DATA PROVIDED:
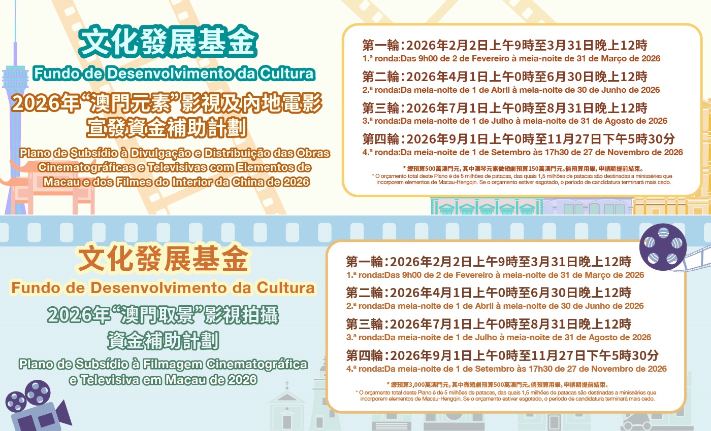 文化发展基金于2026年持续推动澳门影视产业,优化“澳门元素”及“澳门取景”两项资金补助计划,进一步鼓励具澳门及横琴粤澳深度合作区元素的微短剧拍摄与宣传发行,同时支持内地电影以澳门作为葡语系国家和地区的发行基地,发挥澳门作为文化交流桥樑的作用。
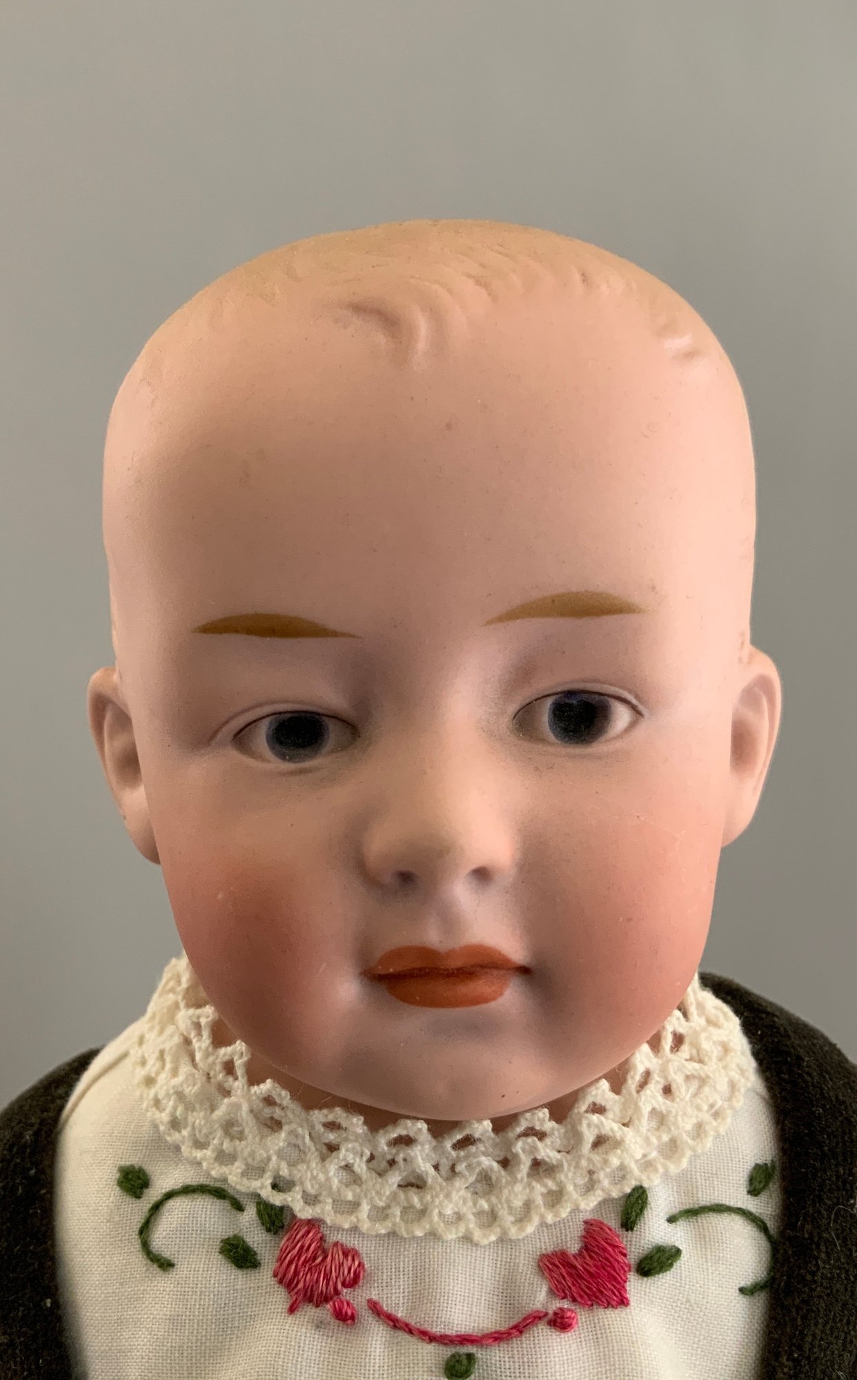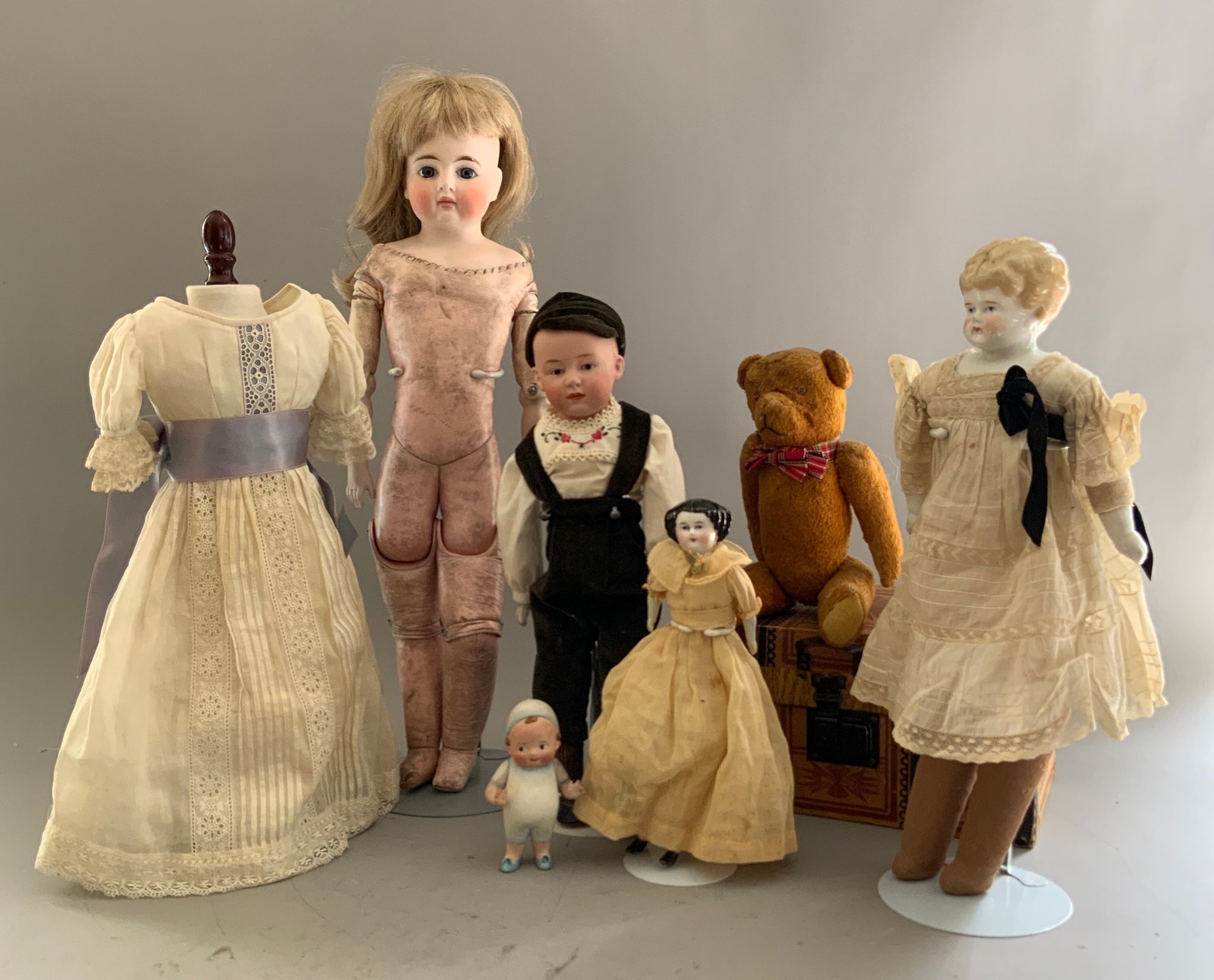 Opportunity lot, 1 - 14” Bisque shoulder head incised Germany 3, painted features, CM, sculpted wispy hair, cloth body with bisque arms, dark green velvet pants, 1- 20” Bisque dome top shoulder head, blue glass eyes, CM, blonde HH wig, kid body with bisque arms, (nose & right ear spec), white dress (light stains) Lot of 3 – 1 – 10” long paper covered lift top doll trunk with small black hair china doll & accessories, 1 – 15” blond hair low brow china, cloth body, & 1 – 11 ½” mohair teddy bear (heavy wear & stains)
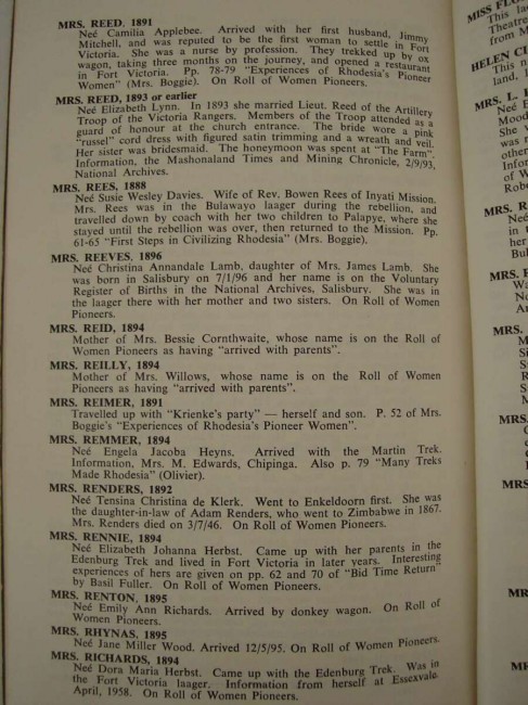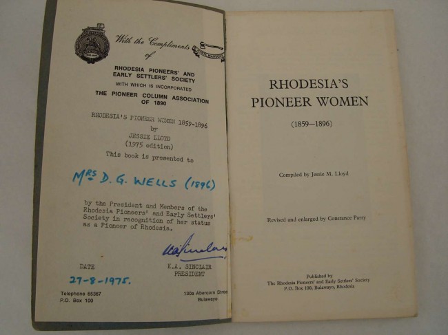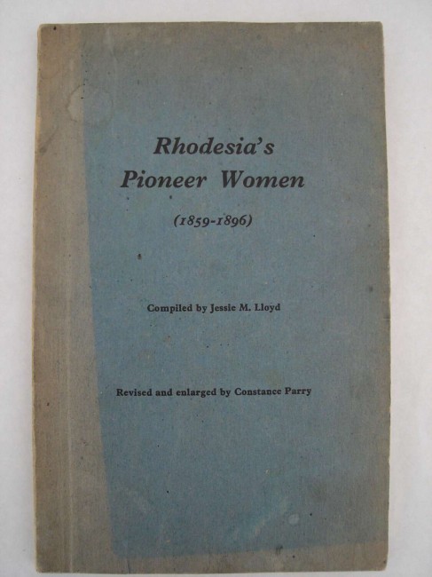 Jessie M Lloyd's original list (1960) has been added to and corrected where necessary by Constance Parry, on behalf of the Rhodesia Pioneers' and Early Settlers' Society. The reasons for this, and the names of others who assisted with the revision are given in an introduction by Constance Parry. There is a detailed Bibliography, a note from the Society's secretary, the original Preface by Jessie m Lloyd and a foreword by R.C.Tredgold. The frontispiece of this small book is a black-and-white photograph of Jessie Lloyd. Of special interest is that this book was presented to an early pioneer woman in recognition of her status as a Pioneer of Rhodesia, and the presentation document is attached to the inside front cover.
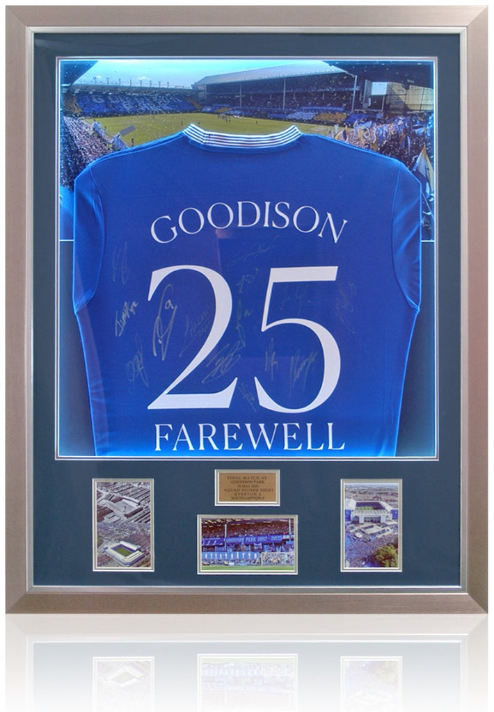 This fantastic piece of sporting memorabilia features an Everton home shirt, hand-signed by squad members who were part of the last ever match played at Goodison Park.

ABOUT THIS EXERCISE: Keep the pictures out while you retype all of the data above exactly as it appears.

ANSWER:
 文化发展基金于2026年持续推动澳门影视产业,优化“澳门元素”及“澳门取景”两项资金补助计划,进一步鼓励具澳门及横琴粤澳深度合作区元素的微短剧拍摄与宣传发行,同时支持内地电影以澳门作为葡语系国家和地区的发行基地,发挥澳门作为文化交流桥樑的作用。
 Opportunity lot, 1 - 14” Bisque shoulder head incised Germany 3, painted features, CM, sculpted wispy hair, cloth body with bisque arms, dark green velvet pants, 1- 20” Bisque dome top shoulder head, blue glass eyes, CM, blonde HH wig, kid body with bisque arms, (nose & right ear spec), white dress (light stains) Lot of 3 – 1 – 10” long paper covered lift top doll trunk with small black hair china doll & accessories, 1 – 15” blond hair low brow china, cloth body, & 1 – 11 ½” mohair teddy bear (heavy wear & stains)
 Jessie M Lloyd's original list (1960) has been added to and corrected where necessary by Constance Parry, on behalf of the Rhodesia Pioneers' and Early Settlers' Society. The reasons for this, and the names of others who assisted with the revision are given in an introduction by Constance Parry. There is a detailed Bibliography, a note from the Society's secretary, the original Preface by Jessie m Lloyd and a foreword by R.C.Tredgold. The frontispiece of this small book is a black-and-white photograph of Jessie Lloyd. Of special interest is that this book was presented to an early pioneer woman in recognition of her status as a Pioneer of Rhodesia, and the presentation document is attached to the inside front cover.
 This fantastic piece of sporting memorabilia features an Everton home shirt, hand-signed by squad members who were part of the last ever match played at Goodison Park.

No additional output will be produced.